Bacteria can be used as an innovative platform for RNAi delivery; this approach is built on earlier work showing that therapeutic bacteria can enter tumours in patients with cancer[72], presumably via a permissive vasculature. The basic premise is that recombinantly engineered Escherichia coli can enter mammalian cells after in vivo delivery and transfer shRNAs. When bacteria containing plasmids that expressed shRNAs targeting β-catenin were fed to mice, β-catenin expression was reduced in the intestinal epithelium[73]. This platform is now in clinical testing for familial adenomatous polyposis, an inherited form of colon cancer[74]. A related approach in mice used minicells derived from Salmonella enterica subsp. enterica serovar Typhimurium and targeted them to tumour-cell-surface receptors to deliver siRNAs or shRNAs; this method reduced tumour burden and improved mouse survival[75].

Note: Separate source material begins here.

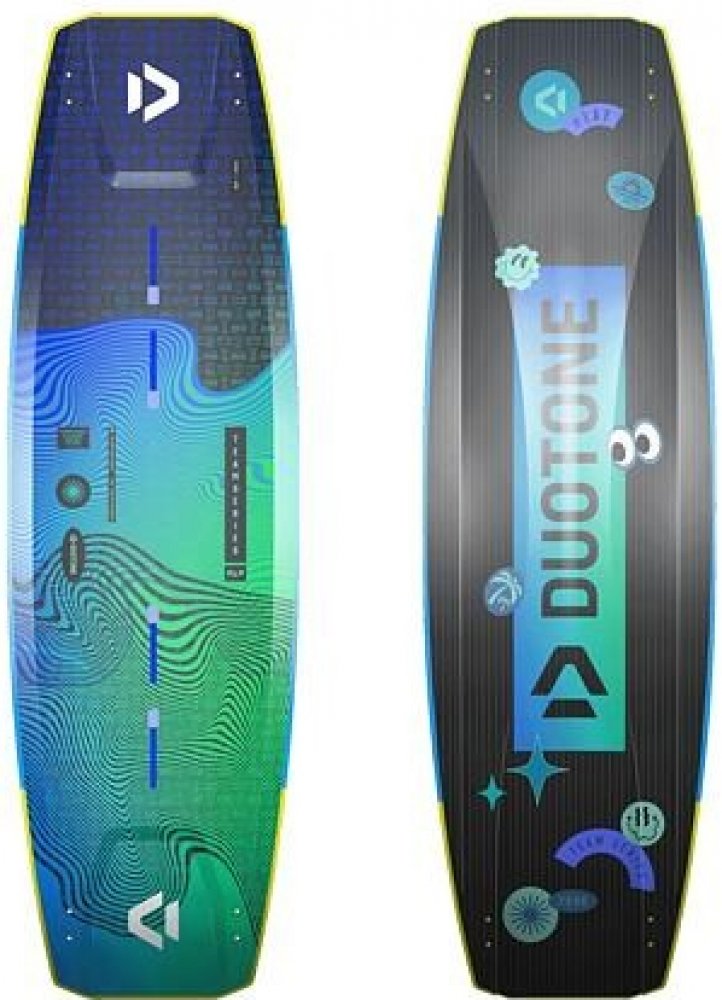Kiteeboard Duotone Team Series SLS 2023 Konstrukce: biax carbon a Innegra SLS, new suspension flex cap, reflex tips, single diffusor bottom with grind base, step double concave wide channels. Hard flex, doporučené vázání: Boty. Vyráběno ve špičkové rakouské snowboardové fabrice CAPITA Team je nekompromisní wakestyle board s bombastickým popem, prkno je hodně tvrdé, ale se skvělými torzními vlastnostmi umožňujícími měkké dopady, má minimální reverse flex. Dopady jsou nyní příjemnější díky updatovanému diffusor bottom shapu, spodní strana boardu je vybavena grindbase povrchem pro zvýšení odolnosti. Hard flex pro výbušný POP, vyztužené šíny pro maximální pevnost Team je stejně jako všechny DUOTONE boardy dodáván pouze s flosnami (a šrouby k flosnám, samozřejmě) a zbytek (tedy pady, poutka, grabhandle) si může každý zákazník vybrat podle náročnosti, preferencí a v neposlední řadě i podle toho jak hluboko má do kapsy. Prkno lze samozřejmě osadit čímkoliv, ale pokud chcete využít všech možností a vychytávek, které systém Duotone nabízí, vyberete si k prknu jedno ze dvou "comb", buď exklusivní "Entity", nebo levnější "Vario". V obou případech tím zkompletujete prkno tím nejlepším možným způsobem, v případě použití Entity comba pak způsobem naprosto exklusivním, které nemá na trhu konkurenci. Pro bližší informace prosím prohlédněte jednotlivá comba v detailu, jsou uvedena v souvisejících položkách. Profící osazují board botami (nejlepší jsou samozřejmě boty Duotone). Díky mosazným kamenům v šínách se závity M6 je montáž padů a poutek dětskou hračkou, kterou zvládne každý během několika sekund, navíc v případě potřeby odstrojení boardu stačí vycvaknout polyamidové špunty na konci šín, povolit šrouby a celý pad i se šrouby včetně kamenů vysunout do strany a oddělit od prkna. Opačným postupem pak během několika sekund provedete zpětnou motnáž v opačném směru. Geniálně jednoduché a funkční, zvlášť při přepravě letadlem a nedostatku místa v kitebagu. V ceně prkna jsou tedy pouze flosny ( 4x S-BEND WK 3,5 cm Carbon 30) a šrouby k flosnám, pro finální kompletaci boardu musíte dokoupit ještě combo - buď levnější Vario, nebo exklusivní Entity, nebo boty. Pro tento kiteboard doporučujeme jednoznačně boty nebo Combo Entity - jen s tímto exklusivním vybavením plně využijete všechny možnosti, které Vám tento špičkový twintip nabízí !!

. The viral vectors used to deliver shRNAs or artificial miRNAs include murine oncoretroviruses, lentiviruses, adenoviruses, adeno-associated viruses (AAVs), and herpesviruses, among others (Table 2). We refer the reader to recent reviews describing the biology and production of these vector systems[76,77,78,79,80]. Here we highlight major differences among some of the tools that are relevant to their use for RNAi-based applications, with respect to their tissue tropisms and the fate of their recombinant genomes in host cells.

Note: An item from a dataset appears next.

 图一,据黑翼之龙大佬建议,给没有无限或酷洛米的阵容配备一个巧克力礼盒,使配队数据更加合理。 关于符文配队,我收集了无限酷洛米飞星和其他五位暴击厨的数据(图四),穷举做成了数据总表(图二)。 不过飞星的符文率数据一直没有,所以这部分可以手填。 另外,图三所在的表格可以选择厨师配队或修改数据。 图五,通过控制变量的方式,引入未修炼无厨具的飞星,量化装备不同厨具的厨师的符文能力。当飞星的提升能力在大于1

The genomes of recombinant adenoviruses and AAVs generally remain episomal after the virus has entered the host cell, the viral capsid has been uncoated and the nucleocapsid has been transported to the cell nucleus. An advantage of vector systems with genomes that remain episomal is that insertional mutagenesis is avoided. However, unless only transient expression is desired, their use is limited to cells that divide slowly (for example, some epithelial cells) or not at all (for example, neurons) because the episomal genome will be lost following cell divisions. Naturally occurring differences in capsid structures among adenoviruses or among AAVs affect the ability of the viruses to infect diverse cell types in vitro or specific cells within tissues. Capsid genes can also be manipulated to artificially alter tropism to a cell surface molecule or tissue of choice[81,82]. Such capsid retargeting takes advantage of the fact that once binding is established, viruses can use secondary receptors for internalization.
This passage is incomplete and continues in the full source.